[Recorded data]
::::

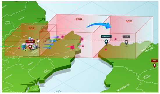 We consider two plausible targets in France, either the city of Dunkerque or the Lille agglomeration, with populations of 0.2 × 106 and 1.2 × 106 people, respectively. We assume that the wind direction is the same as the direct path between the source and the target, a dominant direction in wintertime, which roughly corresponds to a wind direction from the west/northwest (respectively 288 and 294 degrees). As before, we also assume a wind velocity of 30 km/h, which is only slightly higher than the mean wind velocity in February/early March []. Note again that both target areas have a width across the wind less than that of the source. Table 1 gathers the main characteristics of the three boxes as depicted in Figure 3. Table 2 summarizes the assumed values of various parameters leading to a statistical number of primary cases. Since this number appears to be a few units in the frame of our assumptions, it clearly reveals the potential for an infection being triggered through long-range transportation of airborne viruses.
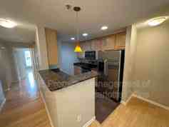 This property features a great room with hardwood floors and a Juliette balcony with views of nature. The open kitchen includes granite countertops, stainless steel appliances, and a breakfast bar. The main level also has a bedroom with a full bath and a stacked laundry unit.
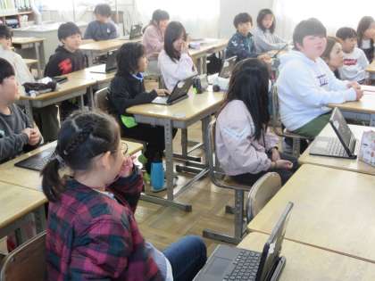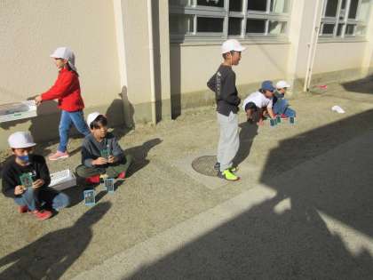 理科で太陽の光の性質を調べています。鏡で反射させ、一点に光を集めています。誰もが一度は経験したことのある実験です。
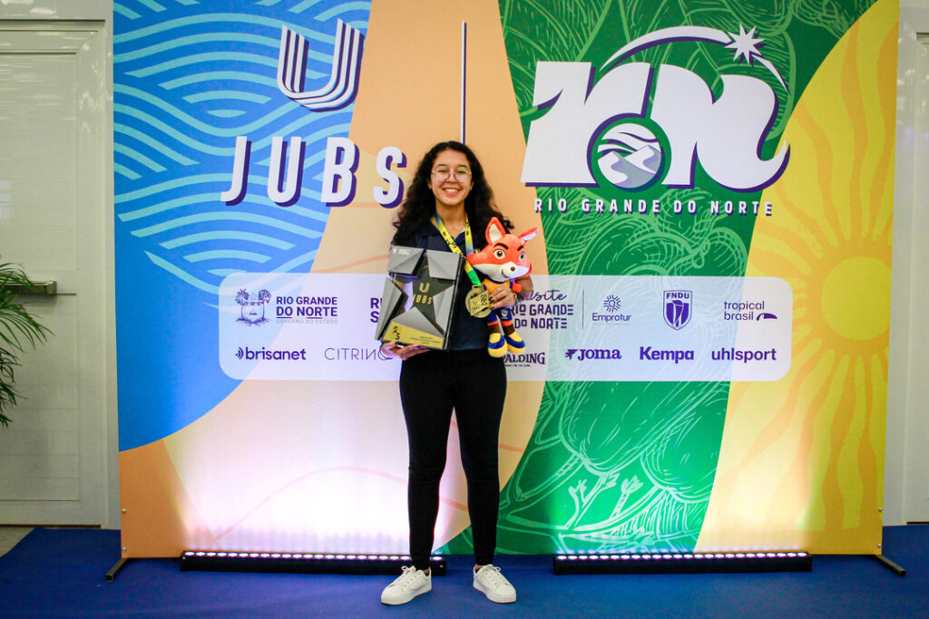 “Foi uma experiência incrível, estrutura e organização sensacionais. Conheci pessoas incríveis e as meninas da minha modalidade eram super queridas. Terminar a competição em primeiro significou muito, não apenas por ser minha primeira competição, mas por deixar o nome da UFC e do Ceará no topo”, relata a estudante, que volta para casa com medalha, troféu e o mascote dos JUBs 2025.
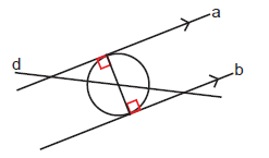 الف)خط d از مرکز دایره میگذرد و دو خط a و b بر قطر دایره عمودند.
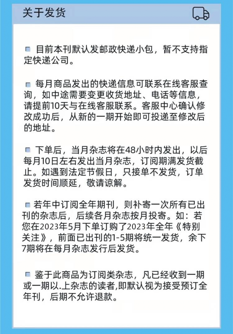 温馨提示:2025年上半月刊的上半年订阅会一次发出1-6期。2025年上半月刊的下半年订阅是7-12期,会依次寄出新刊。7期会在6月10日左右寄出,直至11月的12期为止。杂志志以邮政速递的形式寄出(遇到物流管控及法定节假日将有所延迟)。如需中途改地址,请与客服沟通留言。

::::

Exactly as they appear, repeat the lines from the one containing "الف)خط d از" through the last line of the entries, counting both ends. Pictures stay out.

 الف)خط d از مرکز دایره میگذرد و دو خط a و b بر قطر دایره عمودند.
 温馨提示:2025年上半月刊的上半年订阅会一次发出1-6期。2025年上半月刊的下半年订阅是7-12期,会依次寄出新刊。7期会在6月10日左右寄出,直至11月的12期为止。杂志志以邮政速递的形式寄出(遇到物流管控及法定节假日将有所延迟)。如需中途改地址,请与客服沟通留言。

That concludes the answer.